2-衆-治安及び地方制度委員会-24号 昭和23年04月27日(1948年)

○斎藤(昇)政府委員 神戸事件につきましては、すでに新聞等で御承知の通りでございまして、警察といたしましては遺憾の意を表する次第であります。

 兵庫縣におきましては、去る四月十四日に朝鮮人学校五校に対しまして閉鎖命令を発したのであります。ところが彼らは依然授業を継続いたしまする一方、朝鮮人の團体の幹部、生徒父兄等約七十名が、去る十四日午後一時ごろ副知事に面会を求めまして、閉鎖命令の撤回を強要いたしたのでありまするが、これを拒否されまするや、同四時ごろから居坐り戰術に出でまして、副知事室を占拠いたしまして、翌十五日午後五時に至りましても退去しなかつたのであります。警察は関係方面と連絡をとりまして、不法占拠者全員を住居侵入罪として檢挙いたしまして、市内の警察署に留置をしたのであります。これを知りました朝鮮人連盟におきましては、各小学校に四、五百名ずつ集合いたしまして、これに対する対策を協議をいたしますほか、檢挙者の釈放運動を活発に展開いたしました。四月二十三日の午前十時に縣廰知事室におきまして、知事、副知事、檢事正、市の警察局長等が参集をいたしまして、学校の閉鎖強制執行に関する打合会議をやつておりましたところが、そこへ朝鮮人が三々伍々縣廰内外に押し寄せまして、十一時ごろには知事室に二、三百名、縣廰の周辺に数百名が集結いたしまして、スクラムを組んで氣勢をあげ、器物、建物を破壊いたしまして、知事室と外部との連絡を断つて、会議中の首脳者を軟禁状態に陥れたのであります。警察は事態を重視いたしまして、國家、自治両警察から約千五百名を非常招集いたしまして、縣廳前の朝鮮人を退散せしめまする一方、知事室内外の朝鮮人に退去を強制すべく努力をいたしたのでありまするが、朝鮮人の猛烈な抵抗を受けまして、知事等の安全なる救出は、朝鮮人に対する強制力によつては目的を達することが不可能であるという判断を下しました。当時ここに参りました進駐軍のMP関係の人たちと相談をいたしまして、強制退去の実力行使に出でなかつたのであります。軟禁中の知事、檢事正、市長等は、五時二十分ごろ遂に、彼らの要求する朝鮮人学校の閉鎖命令を撤回する、朝鮮問題に関しては今後朝鮮人教育委員会等と協議をする、朝鮮人特殊学校は許可あるまで從來通り認める、事件に関する不法行為者は一切処罰をしない、学校明渡しの命令は撤回するというように、全面的に彼らの要求を承認し、檢挙中の朝鮮人を全部釈放し、同六時彼らは散会したという報告に接しているのであります。

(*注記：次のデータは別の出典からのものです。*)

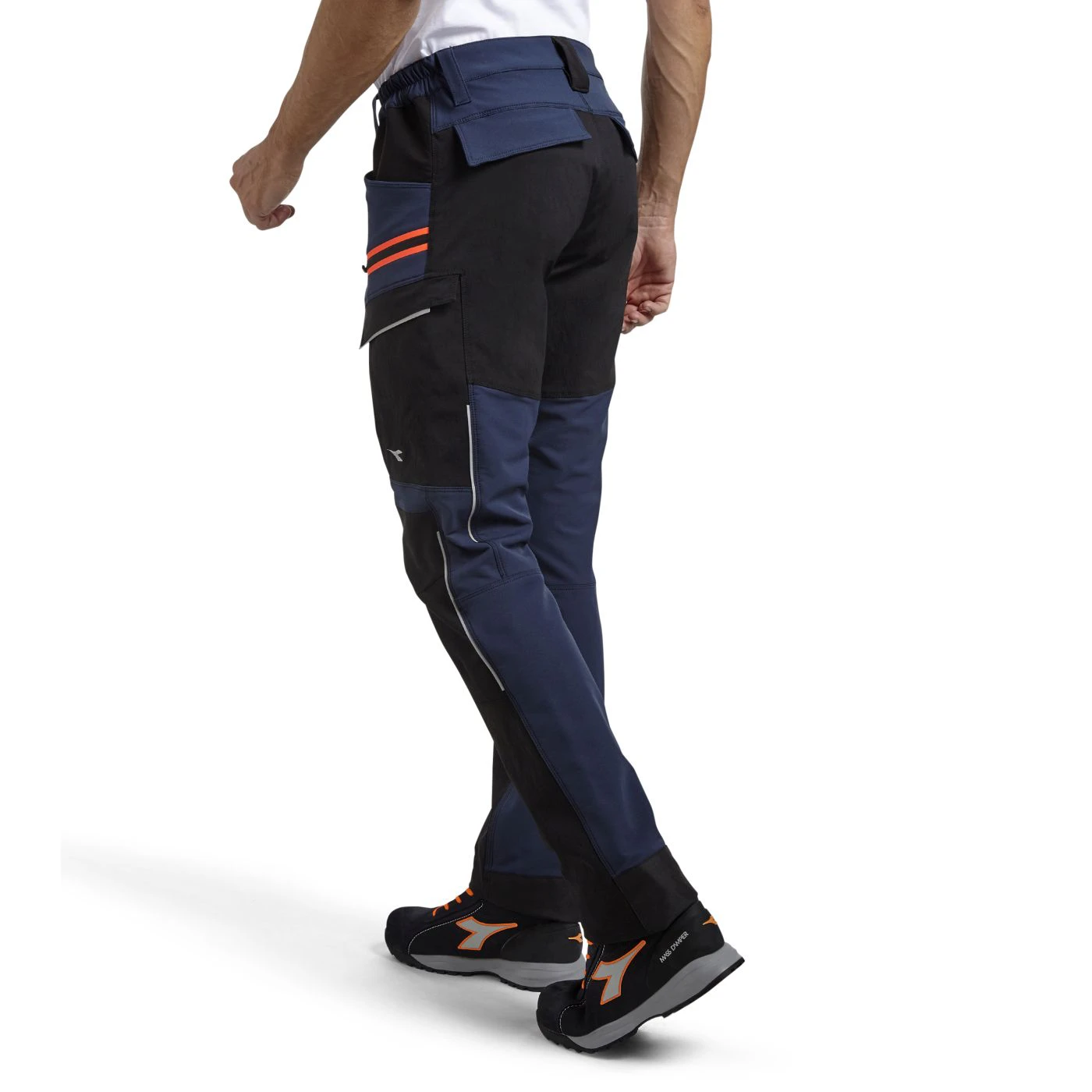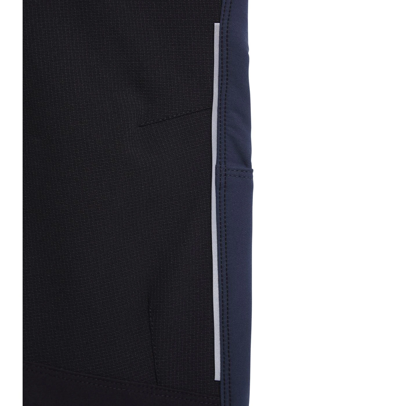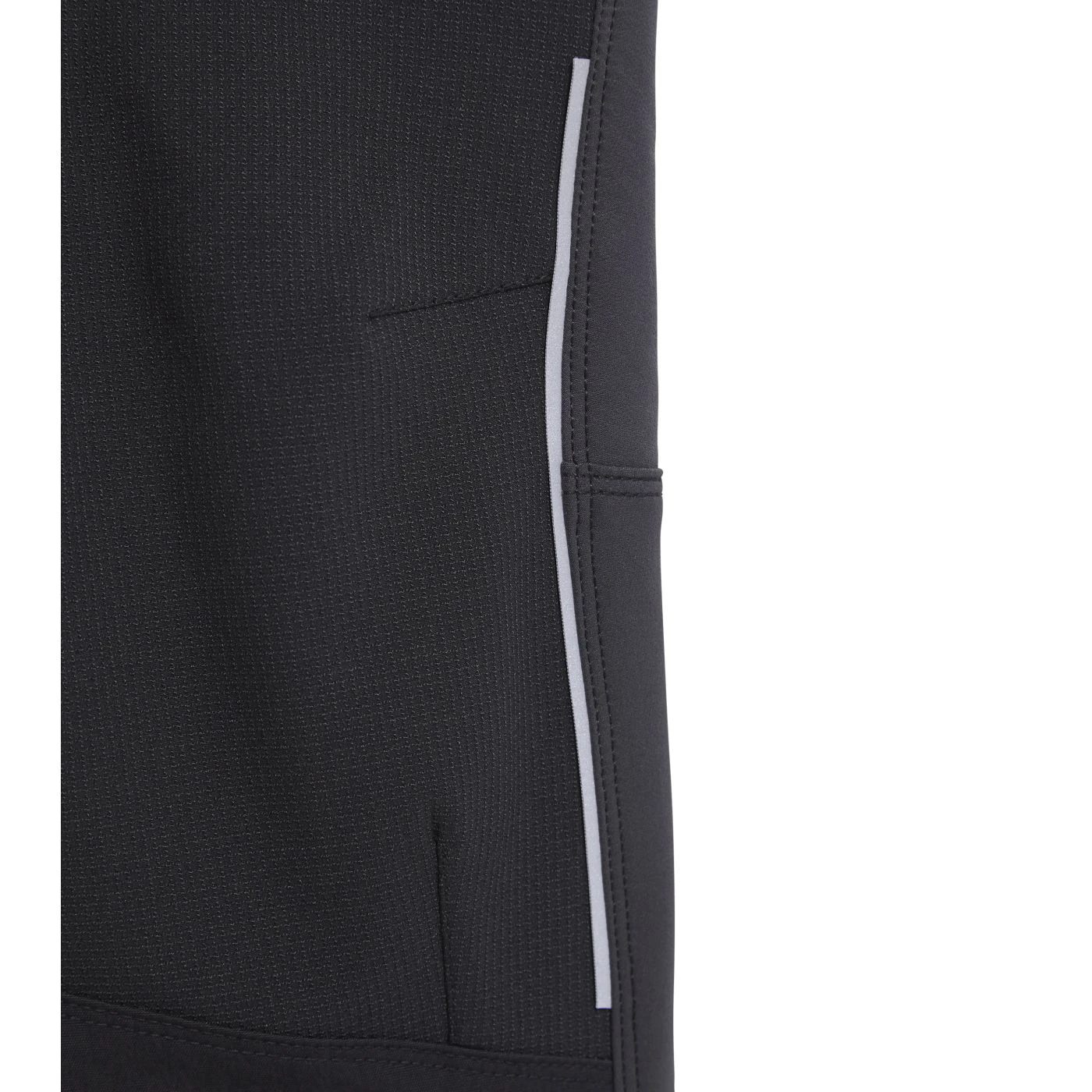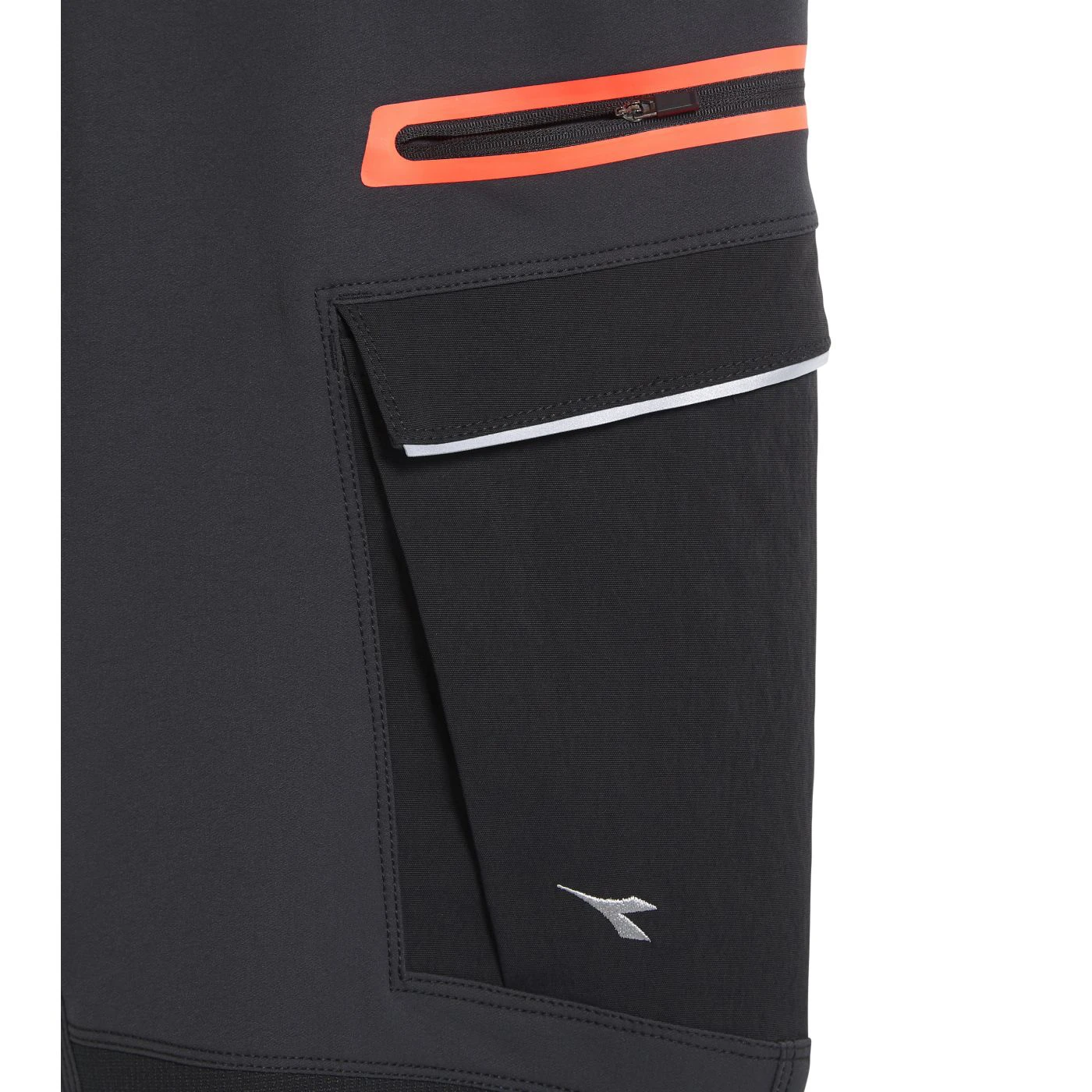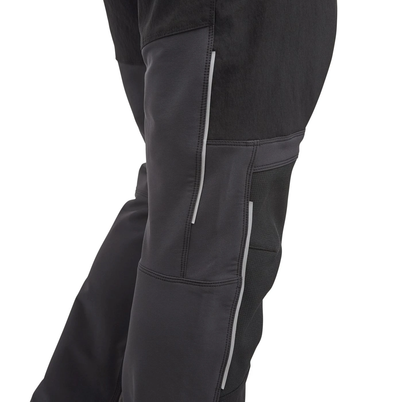 Stretchy mixed-material cargo trousers. Contoured waistband with stretch details on the sides for increased comfort. Two spacious cargo pockets with zip and velcro. Side zip with contrasting heat-sealed neon tape. Abrasion-resistant fabric inserts. Reflective details. Press stud-adjustable length.

 そこで神戸地区司令官は、その日の午後十時ごろ、非常事態を宣言いたしまして、警察は憲兵司令官の指揮のもとに関係朝鮮人の檢挙に当ることに相なつたのであります。ただいままで受けております報告によりますと、朝鮮人の関係者約千二百人ほど、すでに逮捕したという報告を受けているような次第であります。詳細はただいま溝淵次長が出張いたしまして取調べている次第でありますが、一應われわれの報告を得ておりますのは、ただいま申し上げたような状況でございます。



神戸事件3

2-衆-司法委員会-15号 昭和23年05月01日

○鈴木國務大臣 ・・・これが神戸の二十四日の騒擾の顛末でありまして、これもまた日本人が七名参加いたしておりまして、共産党員が主であります。神戸の市会議員の方も、今ちよつと名前を失しましたが、これに参加いたしておられたわけであります。